In addition, we also calculated pearson correlation coefficients to examine how edge efficiency relate with clinical severity. Results suggested that HAMD score was negative correlated with edge efficiency which connected between cognitive control regions (dorsal superior frontal gyrus and anterior cingulate cortex) and affective processing regions (amygdala, thalamus and hippocampus). While HAMD score was found to positive correlate with edge efficiency which connected within affective processing regions (putamen, insula, hippocampus, amygdala and thalamus) (see Fig. 6).
In this paper, we investigated the node and edge efficiency of functional connectivity networks in MDD patients. The same analysis methods with different independent datasets and structural templates repeated the results. Results showed that MDD patients increased nodal efficiency in limbic regions which were associated with affective processing, yet decreased nodal efficiency in regions of cognitive control processing, such as DLPFC and ACC. However, MDD patients decreased in edge efficiency involving connectivity between regions of cognitive control processing systems. Our results demonstrated that the network efficiency of MDD patients are altered within cognitive control and affective processing systems.

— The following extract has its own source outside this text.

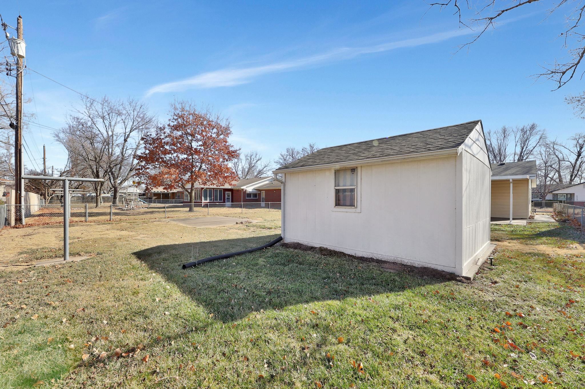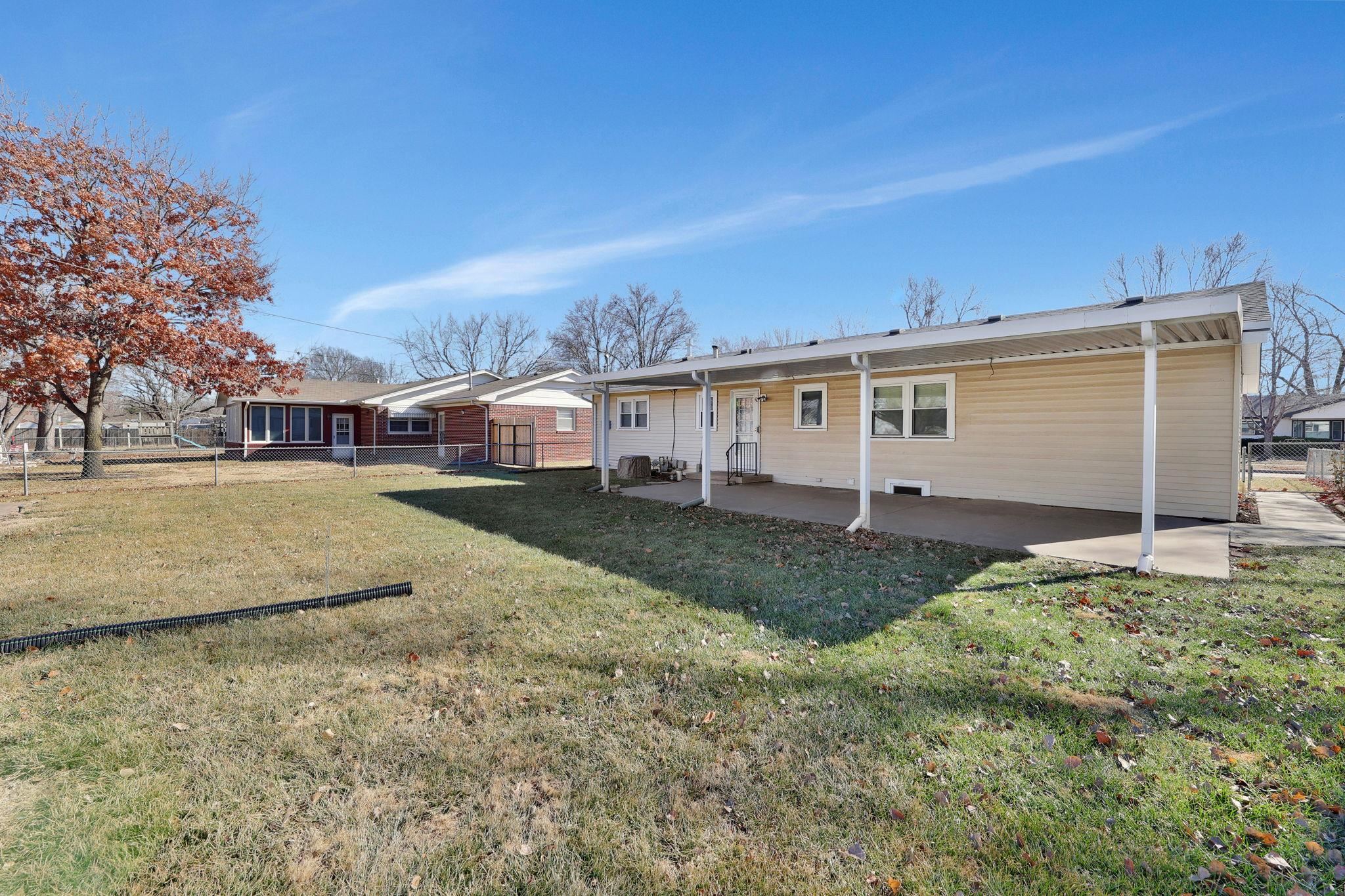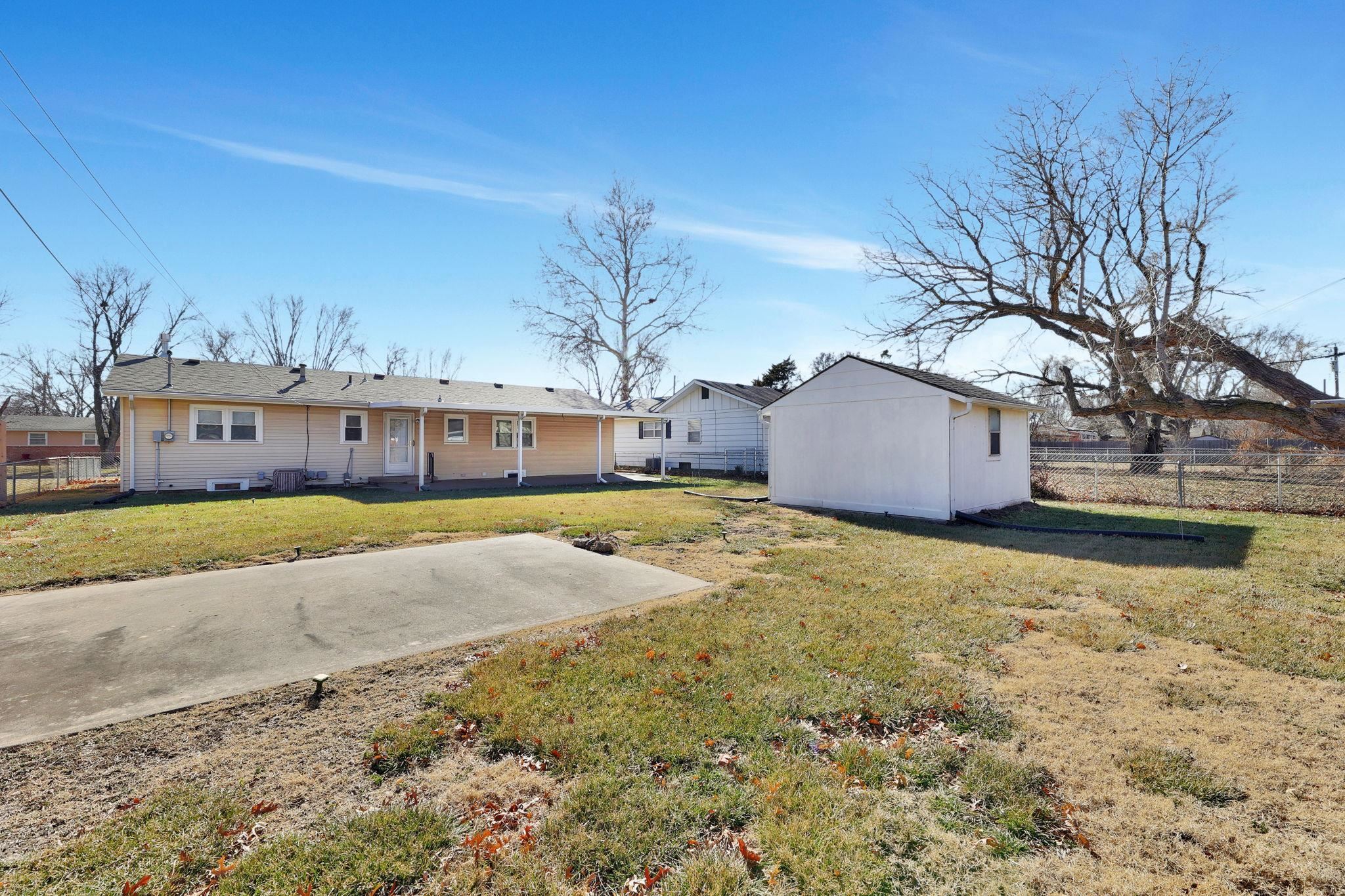 - Description: This home has so much charm. The 3 bedroom / 1.5 bath home is located close to Orchard Park. The main bedroom and an attached half-bath for privacy. The backyard has a spacious covered patio and a nice fenced in yard with storage shed, sprinkler system with private well for watering. The HVAC unit was installed new in 2019. The Impact Resistant roof was installed in 2012 and Leaf Filter protection in 2023. The kitchen features a 2021 Refrigerator / 2019 Microwave / 2022 Dishwasher. Security System. The 2024 Washer/Dryer in the basement is negotiable. You will have easy access to New Market Square, Dillon's, Restaurants and I-235. Home is being sold as-is. Seller will not make any repairs. Seller wishes to keep the rose bush on the westside of home. Seller would like to remove in the spring. Show all description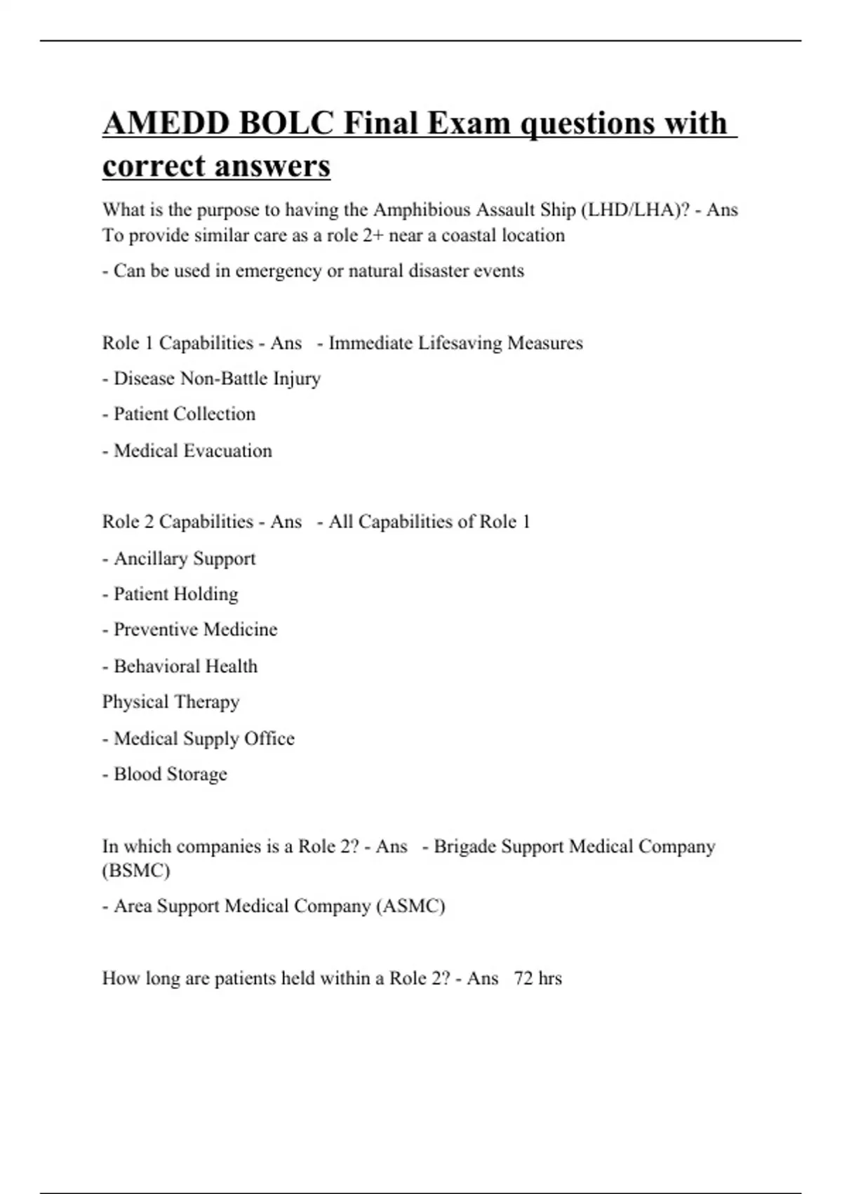 What is the purpose to having the Amphibious Assault Ship (LHD/LHA)? - Ans To provide similar care as a role 2+ near a coastal location - Can be used in emergency or natural disaster events Role 1 Capabilities - Ans - Immediate Lifesaving Measures - Disease Non-Battle Injury - Patient Collection - Medical Evacuation Role 2 Capabilities - Ans - All Capabilities of Role 1 - Ancillary Support - Patient Holding - Preventive Medicine - Behavioral Health Physical Therapy - Medical Supply Office - Blood Storage In which companies is a Role 2? - Ans - Brigade Support Medical Company (BSMC) - Area Support Medical Company (ASMC) How long are patients held within a Role 2? - Ans 72 hrs

However, there are several issues needed to be addressed. First, our results of increased nodal efficiency in limbic regions which were associated with affective processing, yet decreased nodal efficiency in regions of cognitive control processing, such as DLPFC and ACC in MDD patients were different from one fMRI study. Variations in clinical characteristics of MDD maybe one important factor to account for these discrepancies. Different clinical characteristics and depression severity may result in different brain activations patterns and further cause different brain network topological properties. Future studies, which use MDD patients with different clinical characteristics, may give us a more complete understanding of brain abnormalities. Secondly, the clinical diagnosis of MDD has some limitations and is easily affected by subjective knowledge and experience. Hence, the objective diagnosis of MDD has high clinical value in preventing severe disease. In addition, the present study suggested that the measurement of topological properties was a preferential candidate for diagnosing MDD. Thirdly, large studies have indicated that the cerebellum was closely associated with higher-order functions, including emotion regulation and cognitive processing, also have suggested that the cerebellum should be included in the pathophysiological models of MDD. However, because of the AAL template that we chose did not contain the cerebellum, the current study analyzed the functional brain network without cerebellum. In future, the cerebellum should be involved in the analyses by selecting the more comprehensive template or making a special analysis on the cerebellum. Finally, network disruptions in MDD patients is still in its preliminary stage, and there are still many issues to be deepening. Until now, MDD patients have been investigated widely using complex network theory. Next, we should forma hypothesis-generating framework to understand the relationships between abnormal topological properties and MDD.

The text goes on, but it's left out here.